While it would be very convenient to use inline functions at some situations,
Are there any drawbacks with inline functions?
Conclusion:
It could increase the size of the executable, and I don't think compilers will always actually make them inline even though you used the inline keyword. (Or is it the other way around, like what Vaibhav said?...)
I think it's usually OK if the function has only 1 or 2 statements.
Edit: Here's what the linux CodingStyle document says about it:
Chapter 15: The inline disease
There appears to be a common misperception that gcc has a magic "make me faster" speedup option called "inline". While the use of inlines can be appropriate (for example as a means of replacing macros, see Chapter 12), it very often is not. Abundant use of the inline keyword leads to a much bigger kernel, which in turn slows the system as a whole down, due to a bigger icache footprint for the CPU and simply because there is less memory available for the pagecache.
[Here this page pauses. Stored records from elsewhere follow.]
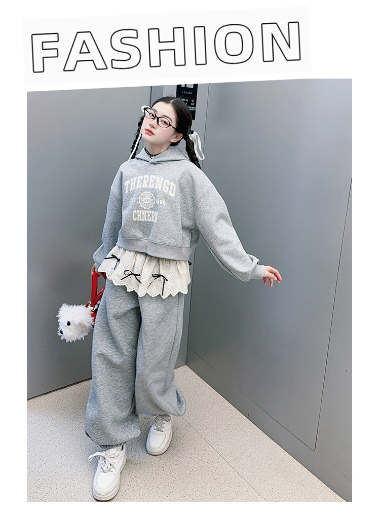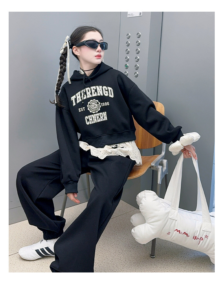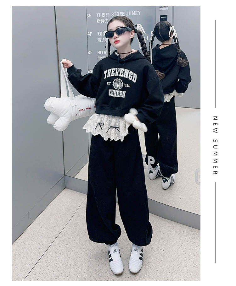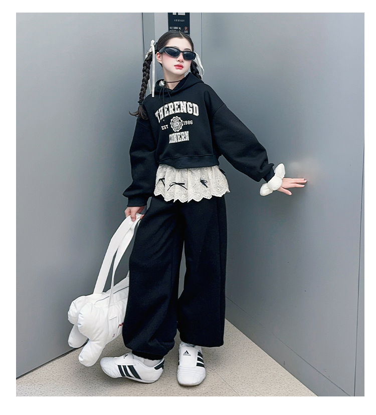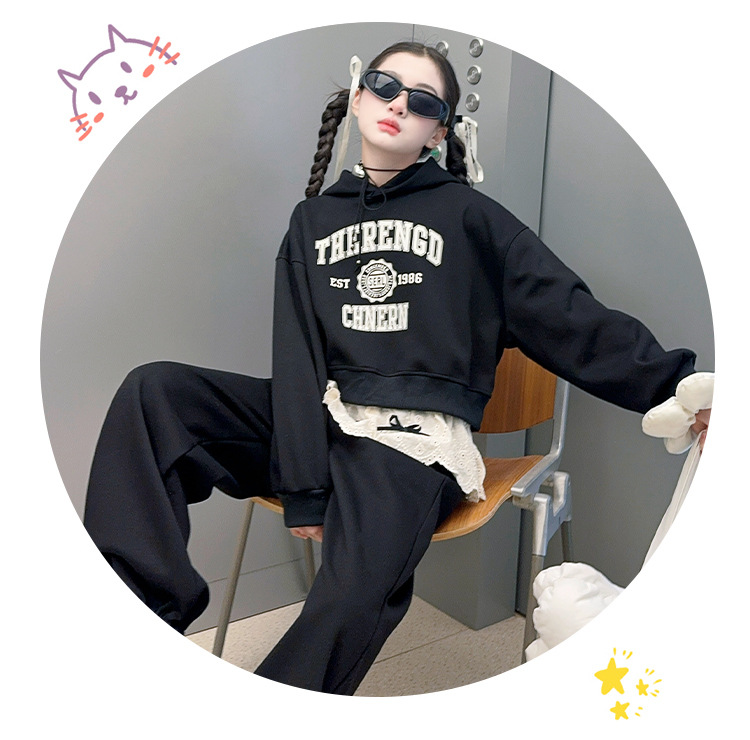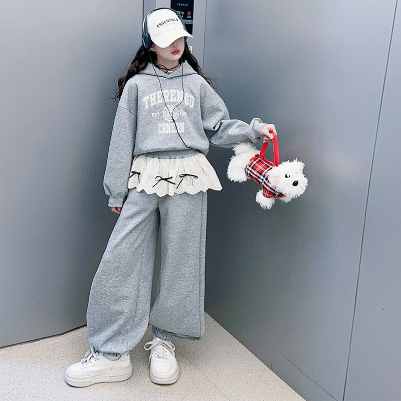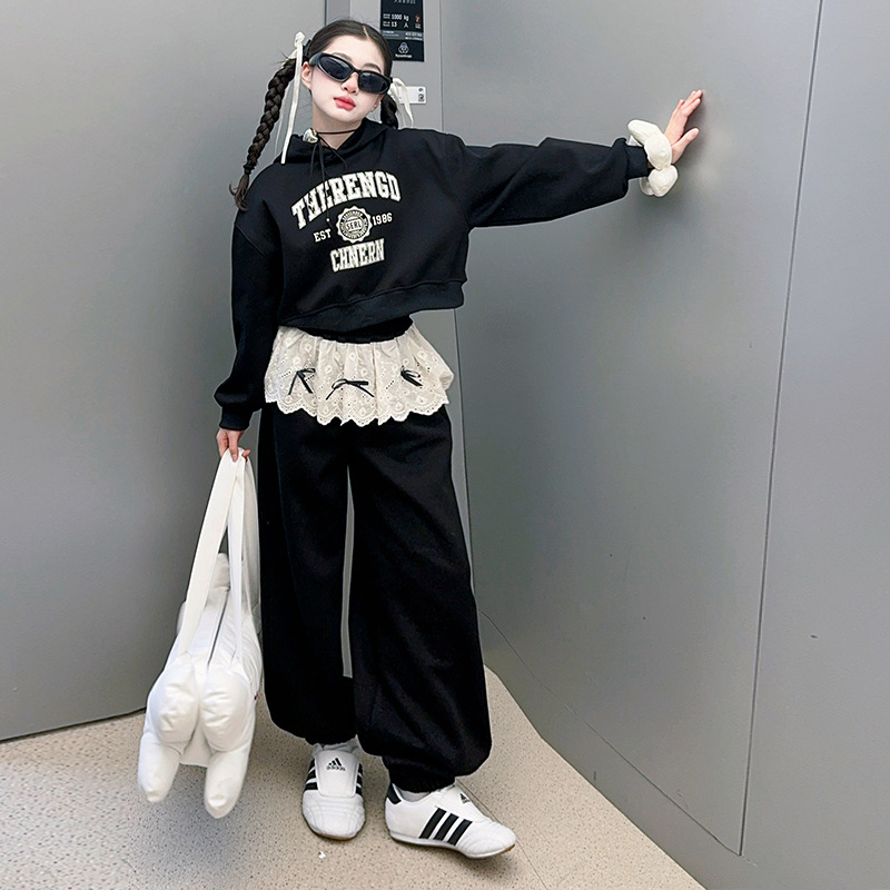 소녀의 봄과 가을 세트 큰 어린이 레이스 바느질 레이스 후디 소녀의 세련된 운동복 2 피스 세트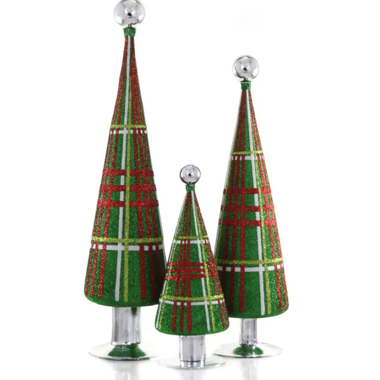 Bring bold holiday charm to your décor with the Cody Foster Glitter Plaid Tree Set in Green. This set of three cone-shaped trees features vibrant green glitter with classic red, white, and green plaid striping, topped with gleaming silver orbs.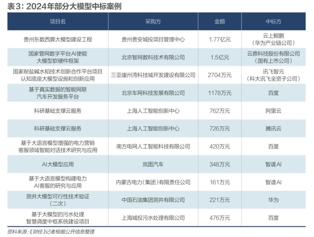 公开的中标项目中,算力和定制应用是绝对的主力,大金额订单多数为算力服务,这对于创业型公司来说竞争力并不明显。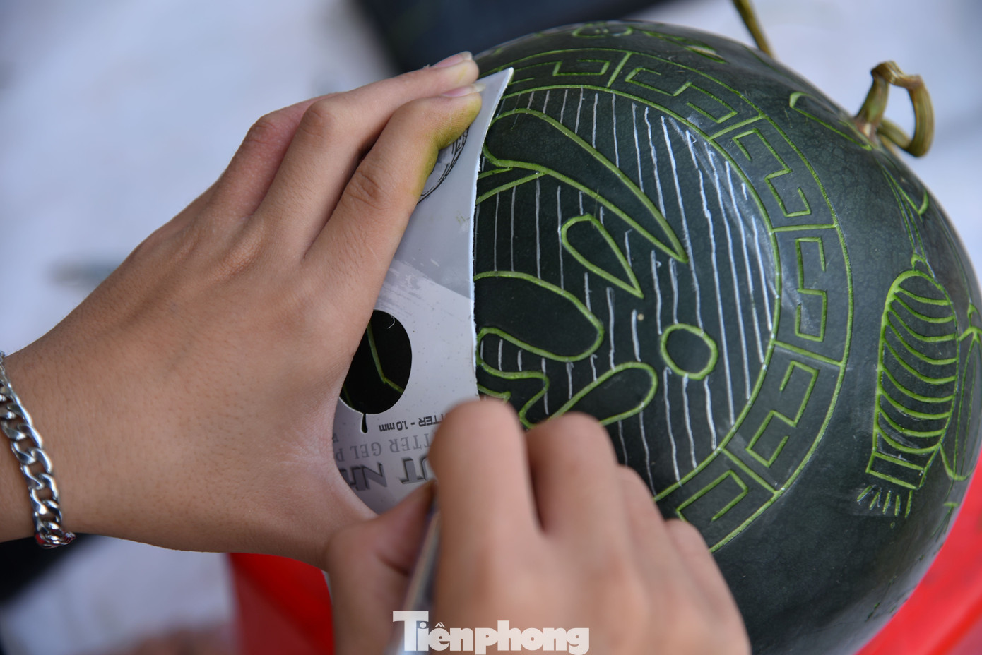 Bên cạnh việc khắc sẵn các chữ phúc - lộc - thọ, tài - lộc… các em còn nhận khắc dưa theo mẫu mã khách yêu cầu. Mỗi trái dưa được khắc thủ công tỉ mỉ, các em nhận tiền công 50.000 đồng.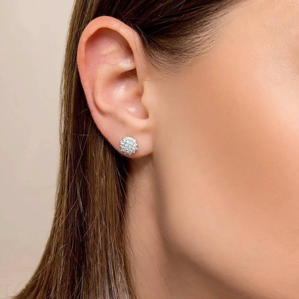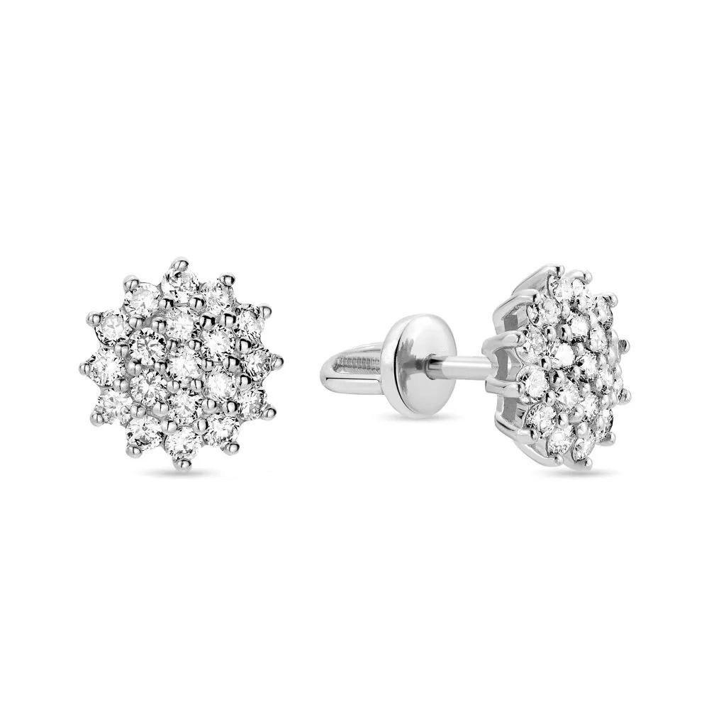 Stud Flower Earrings in 14K/585 White Gold with Diamonds

Just think about it; a pagecache miss causes a disk seek, which easily takes 5 miliseconds. There are a LOT of cpu cycles that can go into these 5 miliseconds.
A reasonable rule of thumb is to not put inline at functions that have more than 3 lines of code in them. An exception to this rule are the cases where a parameter is known to be a compiletime constant, and as a result of this constantness you know the compiler will be able to optimize most of your function away at compile time. For a good example of this later case, see the kmalloc() inline function.
Often people argue that adding inline to functions that are static and used only once is always a win since there is no space tradeoff. While this is technically correct, gcc is capable of inlining these automatically without help, and the maintenance issue of removing the inline when a second user appears outweighs the potential value of the hint that tells gcc to do something it would have done anyway.